_Aim of the task_. Please write out exactly the lines of the data below from the line holding "Desenvolvida pelo Sesi" through the line holding "イベントに参加できない方へ日用品をプレゼント (南方第一期仮設住宅自治会)", and leave out the rest.

_Dataset entries_.
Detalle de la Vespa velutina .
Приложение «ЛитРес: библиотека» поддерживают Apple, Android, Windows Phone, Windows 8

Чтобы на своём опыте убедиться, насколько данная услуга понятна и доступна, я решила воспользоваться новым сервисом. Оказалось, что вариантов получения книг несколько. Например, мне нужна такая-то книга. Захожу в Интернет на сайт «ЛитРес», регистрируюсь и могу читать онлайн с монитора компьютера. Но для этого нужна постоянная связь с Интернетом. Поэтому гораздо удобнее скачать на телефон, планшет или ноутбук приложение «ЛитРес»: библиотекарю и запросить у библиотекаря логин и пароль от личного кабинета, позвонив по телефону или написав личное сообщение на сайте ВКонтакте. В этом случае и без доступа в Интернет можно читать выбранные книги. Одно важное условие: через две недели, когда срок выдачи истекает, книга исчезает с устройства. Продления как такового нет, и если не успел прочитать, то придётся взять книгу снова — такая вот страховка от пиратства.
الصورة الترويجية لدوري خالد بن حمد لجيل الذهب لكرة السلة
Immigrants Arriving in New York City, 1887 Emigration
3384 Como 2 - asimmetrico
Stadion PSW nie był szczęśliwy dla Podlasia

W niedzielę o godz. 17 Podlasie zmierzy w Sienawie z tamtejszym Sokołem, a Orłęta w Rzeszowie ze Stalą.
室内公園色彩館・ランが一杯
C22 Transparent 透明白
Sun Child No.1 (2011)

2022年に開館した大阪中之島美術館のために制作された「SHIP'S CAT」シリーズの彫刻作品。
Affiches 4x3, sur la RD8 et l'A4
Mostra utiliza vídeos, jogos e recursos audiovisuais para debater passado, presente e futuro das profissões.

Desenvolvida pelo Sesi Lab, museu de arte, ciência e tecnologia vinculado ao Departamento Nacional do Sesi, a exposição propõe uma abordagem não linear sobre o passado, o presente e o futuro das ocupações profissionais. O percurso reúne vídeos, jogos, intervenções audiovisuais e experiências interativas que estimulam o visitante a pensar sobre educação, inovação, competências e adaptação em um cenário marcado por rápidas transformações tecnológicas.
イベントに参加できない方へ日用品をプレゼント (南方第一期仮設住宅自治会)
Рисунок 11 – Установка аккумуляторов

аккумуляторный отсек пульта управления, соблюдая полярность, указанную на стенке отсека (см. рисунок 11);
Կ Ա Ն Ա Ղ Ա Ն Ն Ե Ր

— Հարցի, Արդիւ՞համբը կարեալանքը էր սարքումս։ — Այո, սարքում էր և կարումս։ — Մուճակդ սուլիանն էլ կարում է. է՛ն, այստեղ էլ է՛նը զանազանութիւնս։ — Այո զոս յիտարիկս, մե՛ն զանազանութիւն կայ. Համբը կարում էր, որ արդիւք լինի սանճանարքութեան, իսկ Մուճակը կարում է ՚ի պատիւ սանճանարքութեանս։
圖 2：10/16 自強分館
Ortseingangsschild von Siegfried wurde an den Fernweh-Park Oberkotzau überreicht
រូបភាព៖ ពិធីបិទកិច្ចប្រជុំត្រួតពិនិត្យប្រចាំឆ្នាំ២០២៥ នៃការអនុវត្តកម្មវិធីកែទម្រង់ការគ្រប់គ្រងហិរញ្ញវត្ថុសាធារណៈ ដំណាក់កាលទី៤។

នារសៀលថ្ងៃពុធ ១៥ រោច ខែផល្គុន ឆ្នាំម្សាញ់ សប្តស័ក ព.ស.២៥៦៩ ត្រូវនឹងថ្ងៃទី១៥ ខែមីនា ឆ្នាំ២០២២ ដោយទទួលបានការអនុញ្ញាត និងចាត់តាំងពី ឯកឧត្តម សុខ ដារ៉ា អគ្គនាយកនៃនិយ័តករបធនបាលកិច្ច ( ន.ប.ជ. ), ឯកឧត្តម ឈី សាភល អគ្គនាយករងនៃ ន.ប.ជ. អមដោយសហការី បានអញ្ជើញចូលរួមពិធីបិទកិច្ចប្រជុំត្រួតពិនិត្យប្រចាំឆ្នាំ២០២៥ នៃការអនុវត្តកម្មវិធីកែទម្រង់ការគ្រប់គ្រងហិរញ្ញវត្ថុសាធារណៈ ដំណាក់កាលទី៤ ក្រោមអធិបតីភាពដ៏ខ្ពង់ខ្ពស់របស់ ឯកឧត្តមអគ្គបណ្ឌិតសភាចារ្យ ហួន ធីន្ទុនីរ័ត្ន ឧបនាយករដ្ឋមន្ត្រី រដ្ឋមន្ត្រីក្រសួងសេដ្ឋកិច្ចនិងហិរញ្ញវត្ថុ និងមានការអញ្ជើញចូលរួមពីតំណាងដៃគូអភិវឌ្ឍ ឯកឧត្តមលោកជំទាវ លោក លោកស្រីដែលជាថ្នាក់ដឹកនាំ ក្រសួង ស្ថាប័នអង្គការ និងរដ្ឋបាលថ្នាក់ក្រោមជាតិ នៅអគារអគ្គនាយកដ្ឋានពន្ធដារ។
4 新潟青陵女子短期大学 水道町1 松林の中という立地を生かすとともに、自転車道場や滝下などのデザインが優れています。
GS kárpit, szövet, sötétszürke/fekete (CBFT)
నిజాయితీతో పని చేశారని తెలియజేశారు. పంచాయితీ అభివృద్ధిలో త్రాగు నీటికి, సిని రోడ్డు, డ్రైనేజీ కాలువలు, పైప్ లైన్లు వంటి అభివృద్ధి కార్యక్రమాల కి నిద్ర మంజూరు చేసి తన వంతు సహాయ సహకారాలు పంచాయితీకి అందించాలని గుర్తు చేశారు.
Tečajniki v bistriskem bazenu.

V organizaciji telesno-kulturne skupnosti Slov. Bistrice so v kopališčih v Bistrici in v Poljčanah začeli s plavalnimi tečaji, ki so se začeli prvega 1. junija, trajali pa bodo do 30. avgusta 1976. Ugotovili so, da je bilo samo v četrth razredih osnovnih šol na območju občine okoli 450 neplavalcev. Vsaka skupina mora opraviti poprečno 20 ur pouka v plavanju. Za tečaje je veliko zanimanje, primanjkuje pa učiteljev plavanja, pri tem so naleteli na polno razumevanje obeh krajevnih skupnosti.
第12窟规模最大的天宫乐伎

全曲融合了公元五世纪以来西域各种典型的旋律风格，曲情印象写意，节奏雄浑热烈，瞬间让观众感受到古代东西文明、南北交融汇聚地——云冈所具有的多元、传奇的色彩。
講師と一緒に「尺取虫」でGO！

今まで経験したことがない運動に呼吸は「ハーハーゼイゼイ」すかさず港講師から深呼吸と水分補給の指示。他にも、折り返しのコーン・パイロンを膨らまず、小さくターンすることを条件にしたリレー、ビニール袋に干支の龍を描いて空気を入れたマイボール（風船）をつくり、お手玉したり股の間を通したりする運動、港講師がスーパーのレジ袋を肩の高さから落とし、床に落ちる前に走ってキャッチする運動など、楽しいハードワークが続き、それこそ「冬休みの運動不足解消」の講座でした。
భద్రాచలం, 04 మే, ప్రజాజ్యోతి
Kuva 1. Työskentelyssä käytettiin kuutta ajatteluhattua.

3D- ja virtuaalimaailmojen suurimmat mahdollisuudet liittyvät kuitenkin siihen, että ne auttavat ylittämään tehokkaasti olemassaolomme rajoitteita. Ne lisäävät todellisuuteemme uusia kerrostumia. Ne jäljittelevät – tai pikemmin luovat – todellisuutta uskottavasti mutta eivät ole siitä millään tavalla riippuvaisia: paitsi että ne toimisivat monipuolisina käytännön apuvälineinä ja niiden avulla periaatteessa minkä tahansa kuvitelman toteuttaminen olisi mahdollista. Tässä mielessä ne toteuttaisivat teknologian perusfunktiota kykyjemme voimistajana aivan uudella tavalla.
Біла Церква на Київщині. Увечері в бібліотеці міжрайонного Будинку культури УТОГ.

_Expected answer_.
Desenvolvida pelo Sesi Lab, museu de arte, ciência e tecnologia vinculado ao Departamento Nacional do Sesi, a exposição propõe uma abordagem não linear sobre o passado, o presente e o futuro das ocupações profissionais. O percurso reúne vídeos, jogos, intervenções audiovisuais e experiências interativas que estimulam o visitante a pensar sobre educação, inovação, competências e adaptação em um cenário marcado por rápidas transformações tecnológicas.
イベントに参加できない方へ日用品をプレゼント (南方第一期仮設住宅自治会)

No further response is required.